In discussing these issues, I would be remiss if I did not reference the Bureau’s recent Request for Information on enforcing the law that is on point here – the Equal Credit Opportunity Act. We raised several issues related to ECOA that would ensure enforcement of an important law to prohibit lending discrimination while also promoting financial inclusion. So, in addition to carefully reviewing the Taskforce’s recommendations, we are also excited to consider the RFI comments to determine what further steps we can take to reduce friction in financial markets while protecting consumers.
The Taskforce also endorsed the Bureau’s focus on prevention of consumer harm but noted several ways we can further that goal in the use of our tools, particularly supervision and enforcement.
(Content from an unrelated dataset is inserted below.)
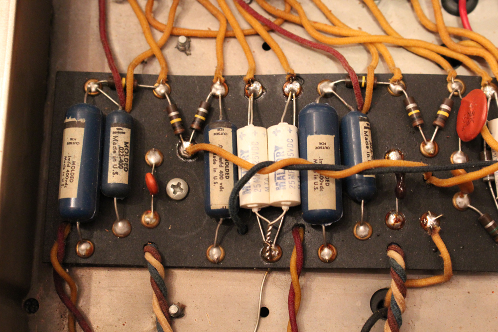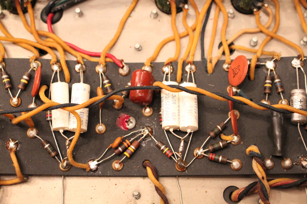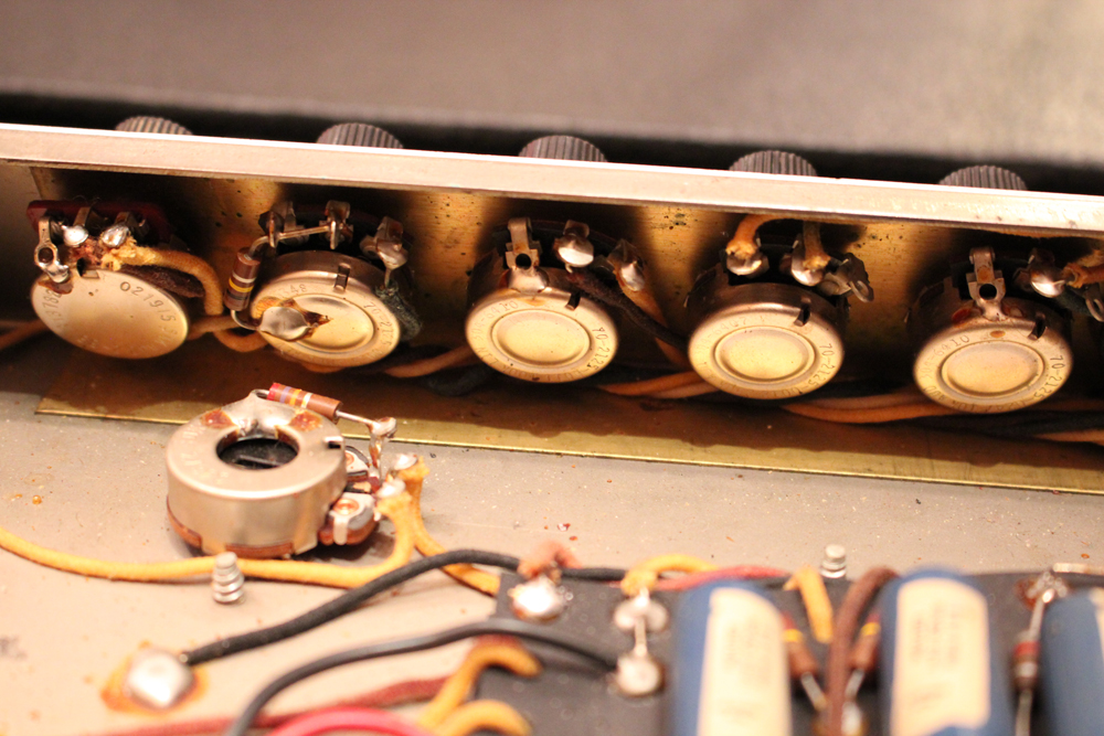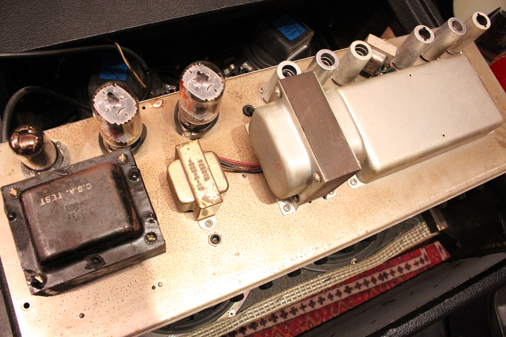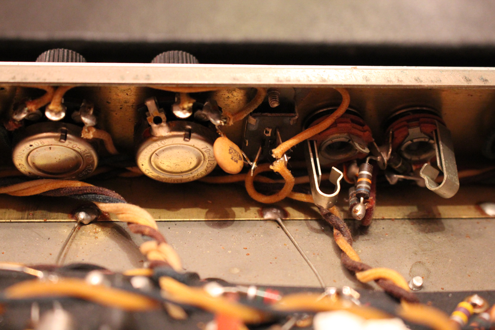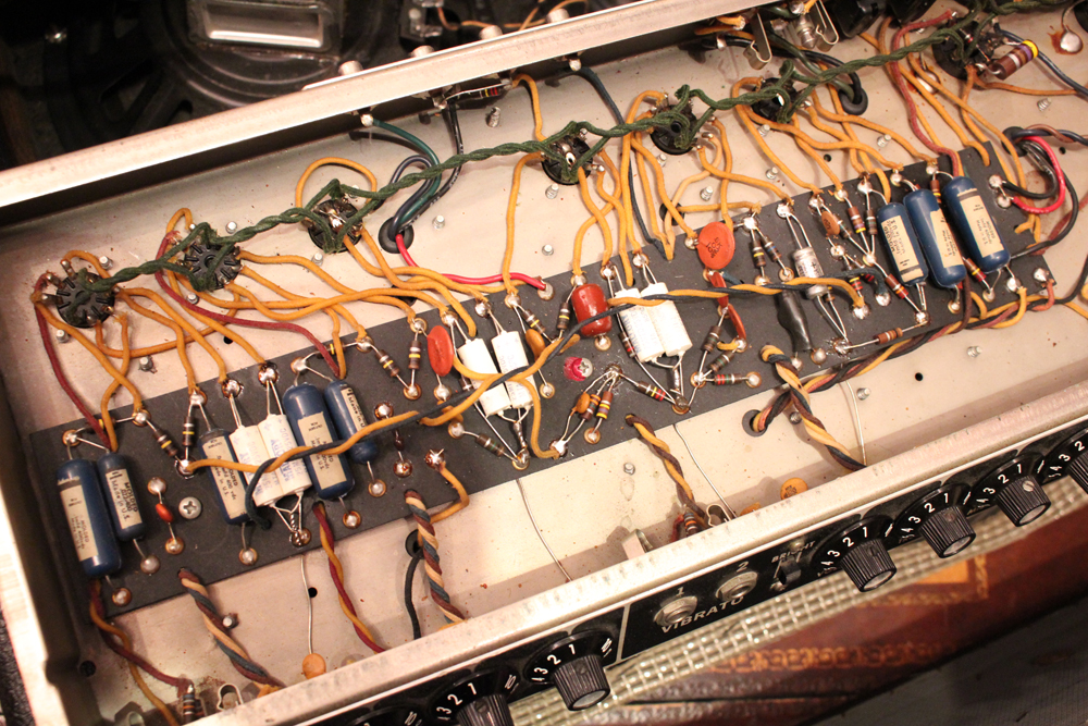 内容も最小限のメンテナンスに伴うキャパシターのリプレイスと、スピーカーが少し後の年代の、フェンダー・オリジナルの物が搭載されている以外はオリジナルです

While emphasizing the Bureau should not engage in regulation by enforcement, the Taskforce proposed we issue a policy statement on the concept of consumer harm and on determination of appropriate consumer restitution and civil penalties in matters that would reflect optimal redress and deterrence. It also endorsed issuance of Enforcement Highlights and a civil penalty matrix, and while these must be done thoughtfully, the Bureau should pursue both of those ideas.
As you will all see as you dig into this detailed report, the Bureau, along with other governmental bodies, will be able to use the Taskforce’s recommendations to modernize the framework of consumer financial law and regulation. However, as the earlier examples highlight, the Bureau is already committed to many of the recommended ideas presented in the report. As such, these recommendations will not require us to build a new path forward, but they will help to better define and illuminate our current path.
I want to thank everyone for joining us today. I also want to reiterate my thanks to Todd and all the members of the Taskforce. Their efforts over this past year, along with all the Bureau’s associated efforts, will ensure we are best equipped to protect consumers by maintaining a fair, competitive, and transparent financial marketplace. Thank you.